The Call within Call

Agnes Bojaxhiu, the then Mother Teresa

Mother Teresa was born in 1910 into a Albanian family in the Republic of Macedonia. Teresa's mother had a special kind of love for women in distress. Teresa’s father was an active Albanian rights activist, who fought against injustice in the society. He died in 1919 when she was eight years old.

As a young girl, her imagination was stirred by stories of Yugoslav Jesuit priests who worked in distant Bengal. Teresa left home in 1928 at age 18 to join the Sisters of Loreto with the view of becoming a missionary in India. She never saw her mother or her sister again. She left her family for a most uncertain future in a land of whose language, customs and traditions she knew nothing. But young Teresa never recorded any doubts about this decision, even in her later years.

In her 20 years as a Loreto nun, first a teacher and later Principal, her life was regulated by the ringing of the school bell. The world she glimpsed from her classroom window was made up of slums and abject poverty: it seemed to be the real world, and she slowly sensed that her vocation belonged there.

She was increasingly disturbed by the poverty surrounding her in Calcutta. The Bengal famine of 1943 brought misery and death to the city, and the August 1946 Direct Action Day began a period of Muslim-Hindu violence.

The call within the call

On 10 September 1946, Teresa experienced what she later described as "the call within the call" when she travelled by train to the Loreto convent in Darjeeling from Calcutta for her annual retreat. "I was to leave the convent and help the poor while living among them. It was an order. To fail would have been to break the faith”. Though no one knew it at the time, Sister Teresa had just become Mother Teresa.

She began missionary work with the poor in 1948, replacing her traditional Loreto habit with a simple, white cotton sari with a blue border. She was alone. She had no helper, no companion and carried no money to speak of. She stepped into a city in which she had taught long years but of which she knew nothing. She taught herself to beg.
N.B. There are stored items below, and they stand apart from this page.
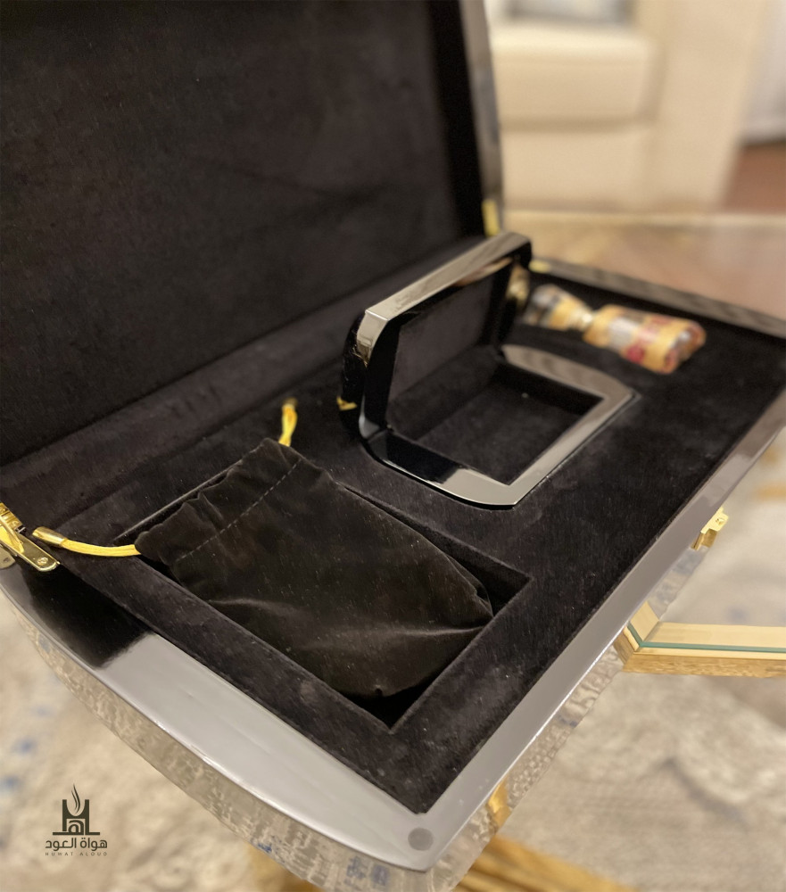 طقم إهداء فاخر باللون الأسود، يحتوي على كرستالة تَسع ربع تولة من الأدهان التي تناسبكم من وسم (الأدهان)، بالإضافة إلى بخور من اختياركم من وسم (بخور علب الإهداء)، وكيس قماشي حُرّ بإمكانكم استعماله بالبخور أو بإضافة أي منتج آخر ترغبون به ..
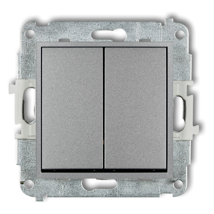 7IWP-44.1 Mechanizm łącznika zwiernego, świecznikowego (dwa klawisze bez piktogramów, wspólne zasilanie) Srebrny Metalik
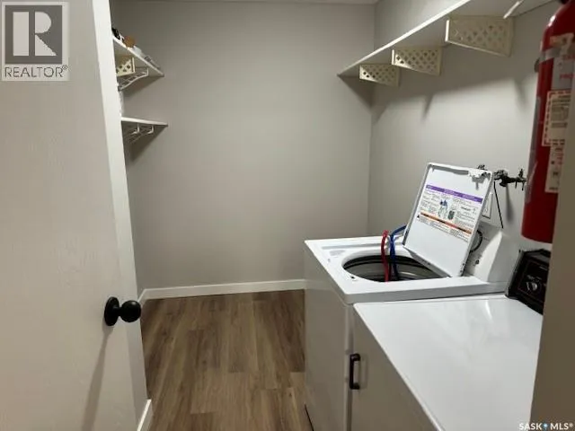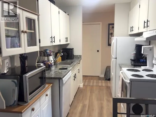 Look no further! This beautifully updated main-floor condo is move-in ready and ideal for those seeking stair-free living. The entire unit was recently repainted, including doors, cabinets, and baseboards, creating a clean and modern feel throughout. Brand-new high-quality waterproof laminate flooring has been installed, along with a new toilet, a stylish lighted mirror, and updated light fixtures. Enjoy the convenience of in-suite laundry with the washer and dryer included, plus all appliances as part of the package. New dryer and stove recently. Additional storage is located on the west end of the private patio. This well-maintained adult, non-smoking complex offers peace of mind and a secure building. Condo fees are just $225 per month and include heat and water (owner pays power). Property taxes are approximately $180 per month. One electrified parking stall is included and is conveniently located directly outside the east entrance. Why rent when you can own? With payments potentially lower than rent, this is an excellent opportunity for affordable homeownership! (id:27476)
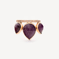 Bague pétales en or rose demi pavée de diamants blancs et ornées de trois rubis. Alliés dans un éclat précieux, le rubis symbolise la passion et la vitalité, tandis que les diamants apportent force, clarté et énergie lumineuse à celui qui les porte.
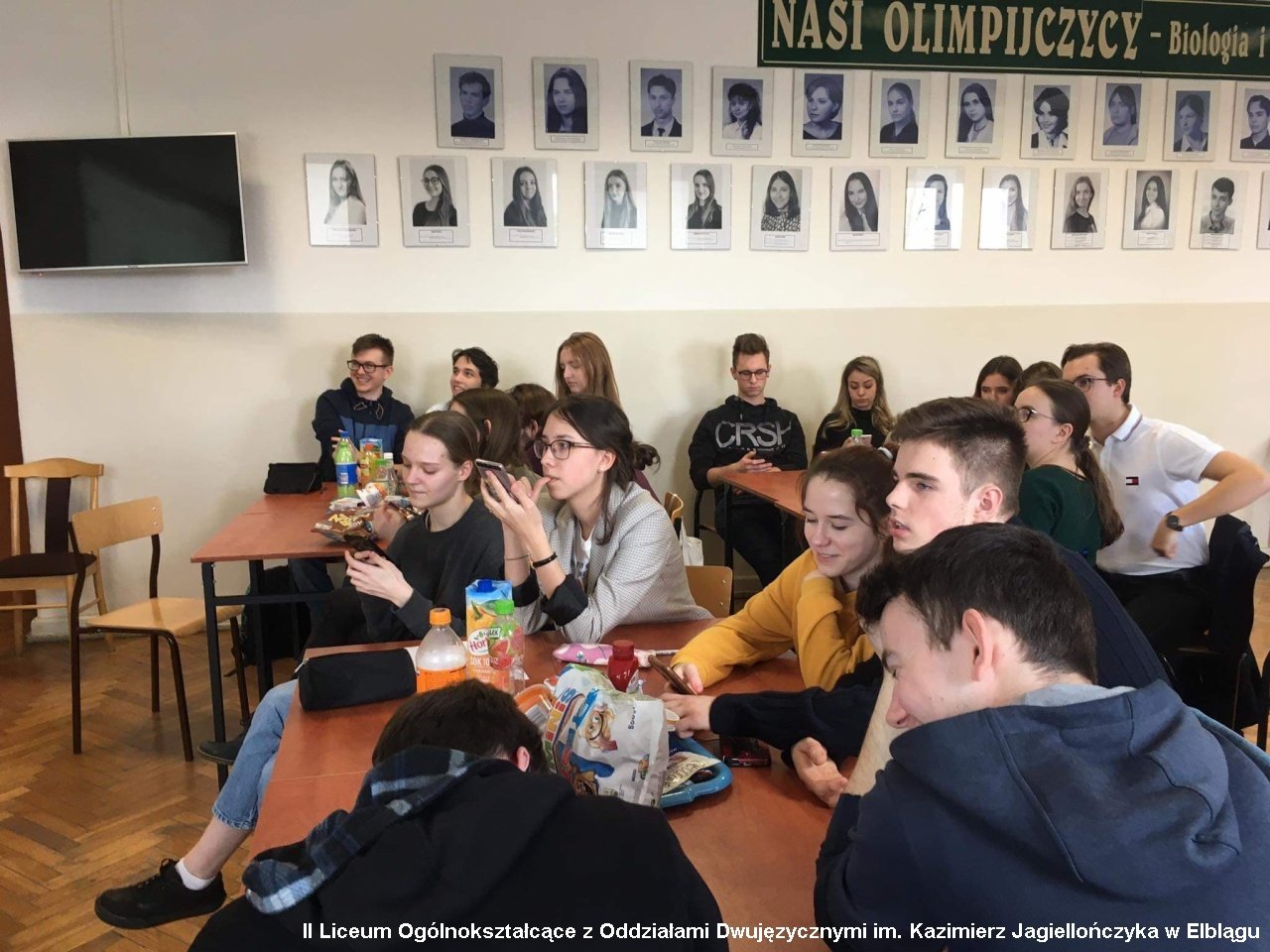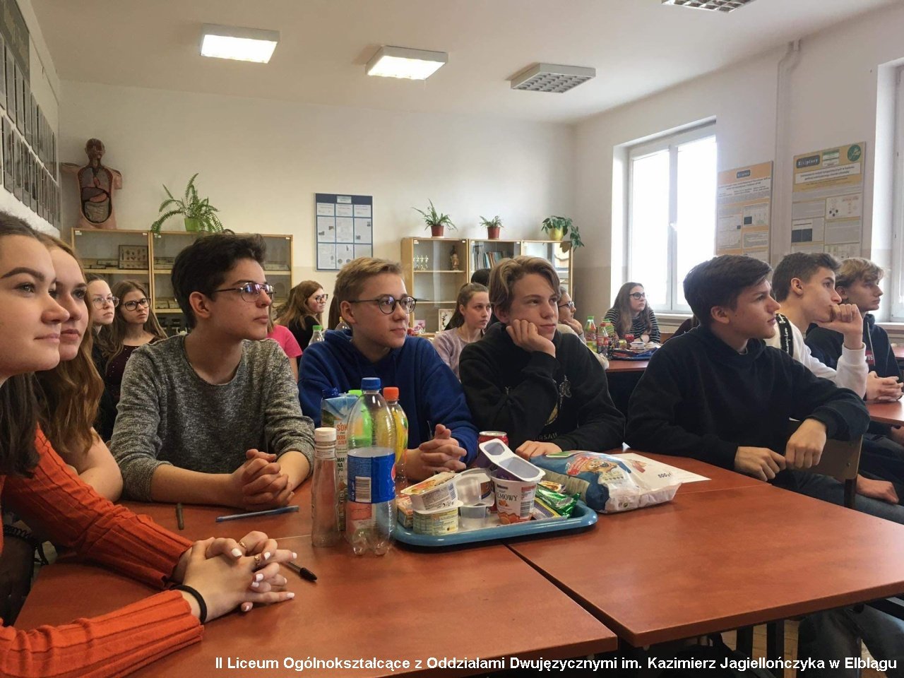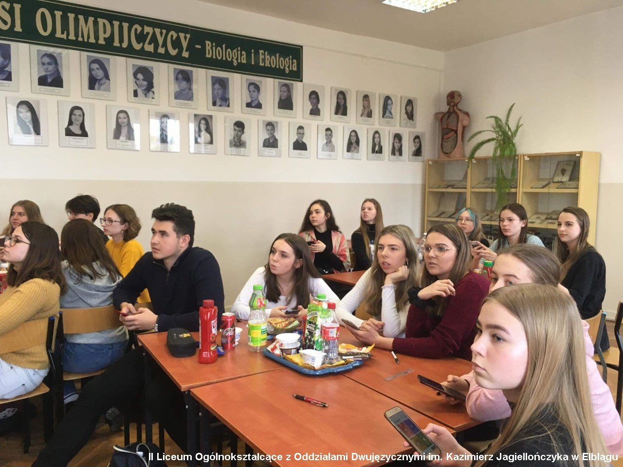 28 lutego 2020r. w ramach Akcji Prozdrowotnej Ogólnopolskiej Olimpiady Zdrowego Stylu Życia PCK, odbyły się zajęcia pt. „CUKIER-BIAŁA ŚMIERĆ”, przeprowadzone przez Annę Doroszkiewicz, uczennicę z klasy 1c. Uczestniczyły w nich klasy o profilu biologiczno-chemicznym (1c SP, 1C, 2C, 3C), łącznie około 150 uczniów. Głównym celem zajęć było uświadomienie młodzieży tego, jak dużo spożywają cukru oraz jaki ma to związek z występowanie nadwagi i otyłości. Założeniem kolejnym było pogłębienie wiedzy uczestników na temat prawidłowego odżywiania, nauka poprawnego czytania etykiet produktów spożywczych, odszukiwanie w składzie produktów cukru, który ukrywany jest przez producentów żywności pod 56 nazwami.

Teresa adopted Indian citizenship, spent several months in Patna to receive basic medical training at Holy Family Hospital and ventured into the slums. She set up her first school in the very slum she saw each morning outside her classroom.

It had no classroom, no table, no chair, no blackboard. She picked up a stick and before a group of curious children who had never seen the inside of a school, she began to write the Bengali alphabet on the ground. Within a few days, some rickety furniture appeared; someone donated a blackboard and chalk. Lay teachers from the Convent soon volunteered to teach. Her little school in Motijhil became reality. A tiny dispensary followed, stocked with a few basic medicines. Her disarming charm and directness moved people to want to help her.